Long-term maintenance treatment with 300 mg thiamine for fatigue in patients with inflammatory bowel disease: results from an open-label extension of the TARIF study

Scand J Gastroenterol. 2022 Jan;57(1):37-43.doi: 10.1080/00365521.2021.1983640. Epub 2021 Sep 30.


Palle Bager 1Christian Lodberg Hvas 1Charlotte Lock Rud 1Jens Frederik Dahlerup 1


Author information

1Department of Hepatology and Gastroenterology, Aarhus University Hospital, Aarhus N, Denmark.


Objective and aims: Fatigue is common in inflammatory bowel disease (IBD). In a RCT we demonstrated reductions in fatigue after 4 weeks' treatment with high-dose oral thiamine. We aimed to investigate whether 300 mg thiamine daily for 12 weeks could maintain the achieved levels of fatigue in patients with IBD after a 4-week intervention with high-dose thiamine; and evaluate the effect of a 6-month period where patients were free to take oral thiamine.

Methods: A randomised, open-label, controlled trial, performed as a long-term extension (LTE) study of an initial randomised, high-dose thiamine trial. Patients were allocated 1:1 to 300 mg oral thiamine or no thiamine for 12 weeks. Subsequently, the patients were allowed to self-treat with over-the-counter (OTC) oral thiamine 6-month.

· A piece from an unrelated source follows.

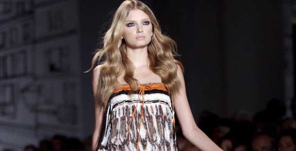 Passend zum Hippie-Look trugen die ModelsStirnfransen, offene Haare und auffälligen Schmuck. Wegen des Jubiläumswurde die Kollektion ausnahmsweise in Rom gezeigt und nicht in New York.
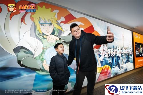 父亲带着儿子合影,仿佛让我们看到水门与鸣人的同框

Results: Regardless of allocation in the LTE study fatigue severity increased in the study period. No significant effect of 300 mg oral thiamine were found, when stratifying for initial allocation in the high-dose study or fatigue level at entry in the LTE study. Patients who took OTC thiamine had lower level of fatigue 6 month later (7.8; 95% CI: 5.5-10.1) when compared to the remains (11.0; 95% CI: 9.2-12.8) (p = .02). After the 6-months follow-up without restrictions, 66% of patients had reached normal fatigue levels.

Conclusions: We found no beneficial effect on fatigue from thiamine taken in doses of 300 mg per day for 12 weeks following high-dose treatment. After a 6-months follow-up without restrictions 66% had reached a normal level of fatigue.

Clinical trial registration: The trial was registered at ClinicalTrials.gov under study identifier NCT03634735.